* [Exercise brief]: Reproduce the material below line by line, beginning with its first line and ending with the line that contains "De Polestar 2"; leave out pictures.

────────

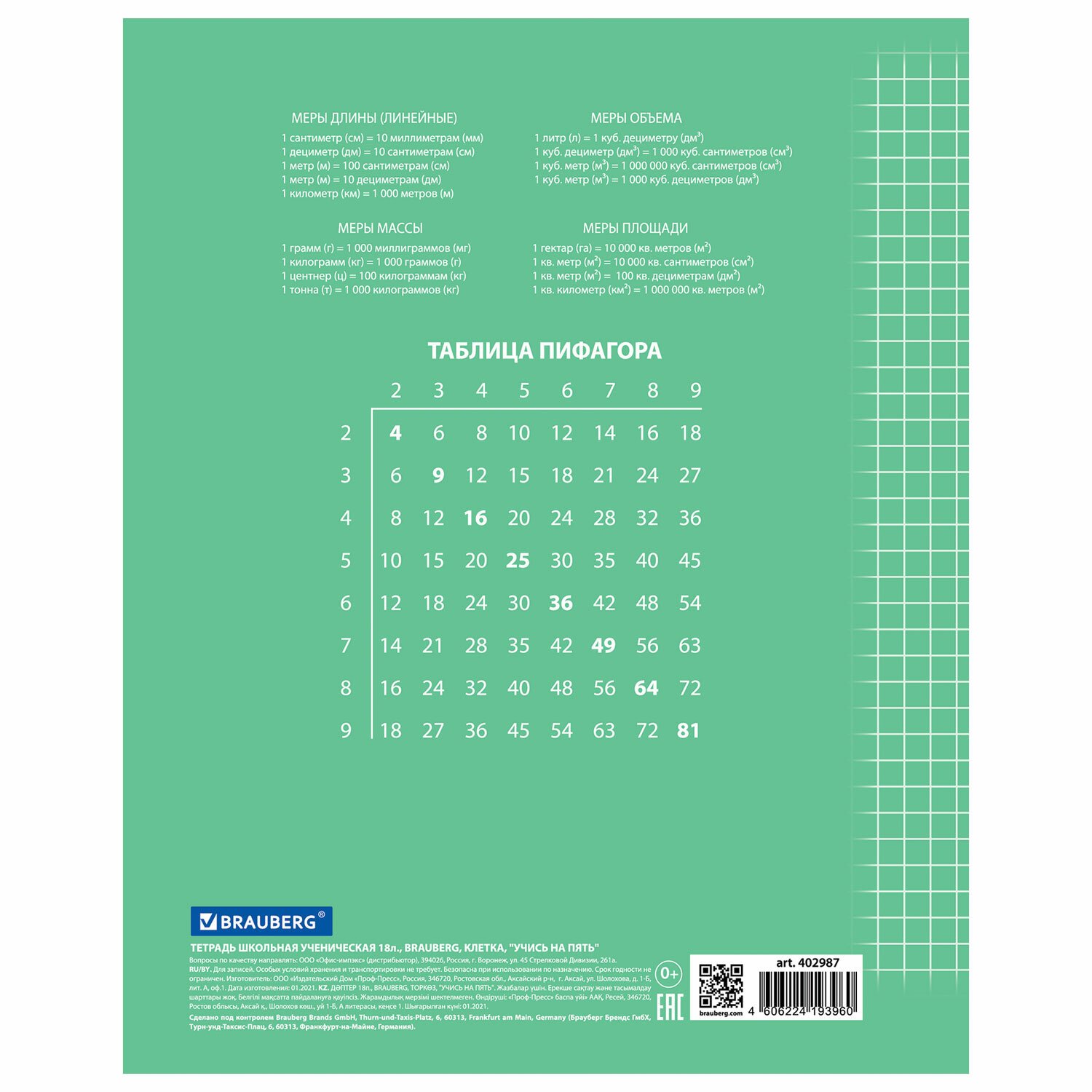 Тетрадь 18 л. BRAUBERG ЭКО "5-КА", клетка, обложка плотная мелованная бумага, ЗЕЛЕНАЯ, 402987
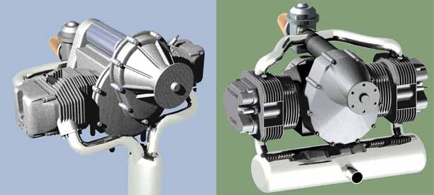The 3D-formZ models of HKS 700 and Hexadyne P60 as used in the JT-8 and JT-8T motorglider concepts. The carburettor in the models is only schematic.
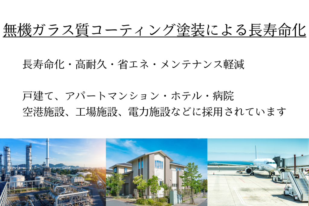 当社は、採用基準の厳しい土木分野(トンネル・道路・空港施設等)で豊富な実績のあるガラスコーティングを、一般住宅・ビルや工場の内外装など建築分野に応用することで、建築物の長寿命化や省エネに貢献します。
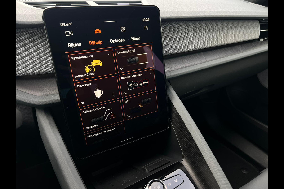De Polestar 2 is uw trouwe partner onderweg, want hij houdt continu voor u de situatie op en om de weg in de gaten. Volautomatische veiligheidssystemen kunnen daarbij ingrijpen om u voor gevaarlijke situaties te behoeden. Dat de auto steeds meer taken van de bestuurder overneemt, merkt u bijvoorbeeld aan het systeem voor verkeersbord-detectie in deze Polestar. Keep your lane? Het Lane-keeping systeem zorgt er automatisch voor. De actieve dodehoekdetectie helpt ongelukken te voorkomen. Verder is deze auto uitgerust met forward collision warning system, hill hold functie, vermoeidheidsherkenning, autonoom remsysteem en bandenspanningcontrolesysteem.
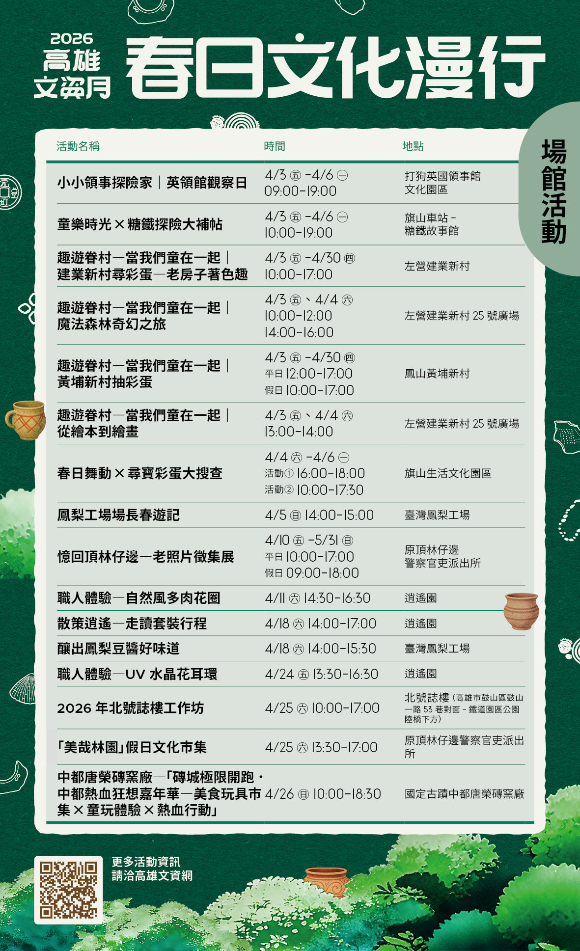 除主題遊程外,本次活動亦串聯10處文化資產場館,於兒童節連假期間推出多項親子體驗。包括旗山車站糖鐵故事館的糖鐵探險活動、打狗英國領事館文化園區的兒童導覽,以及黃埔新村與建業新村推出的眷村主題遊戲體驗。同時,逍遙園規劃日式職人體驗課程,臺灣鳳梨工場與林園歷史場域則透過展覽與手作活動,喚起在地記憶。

────────

* [Written response]:
 Тетрадь 18 л. BRAUBERG ЭКО "5-КА", клетка, обложка плотная мелованная бумага, ЗЕЛЕНАЯ, 402987
The 3D-formZ models of HKS 700 and Hexadyne P60 as used in the JT-8 and JT-8T motorglider concepts. The carburettor in the models is only schematic.
 当社は、採用基準の厳しい土木分野(トンネル・道路・空港施設等)で豊富な実績のあるガラスコーティングを、一般住宅・ビルや工場の内外装など建築分野に応用することで、建築物の長寿命化や省エネに貢献します。
De Polestar 2 is uw trouwe partner onderweg, want hij houdt continu voor u de situatie op en om de weg in de gaten. Volautomatische veiligheidssystemen kunnen daarbij ingrijpen om u voor gevaarlijke situaties te behoeden. Dat de auto steeds meer taken van de bestuurder overneemt, merkt u bijvoorbeeld aan het systeem voor verkeersbord-detectie in deze Polestar. Keep your lane? Het Lane-keeping systeem zorgt er automatisch voor. De actieve dodehoekdetectie helpt ongelukken te voorkomen. Verder is deze auto uitgerust met forward collision warning system, hill hold functie, vermoeidheidsherkenning, autonoom remsysteem en bandenspanningcontrolesysteem.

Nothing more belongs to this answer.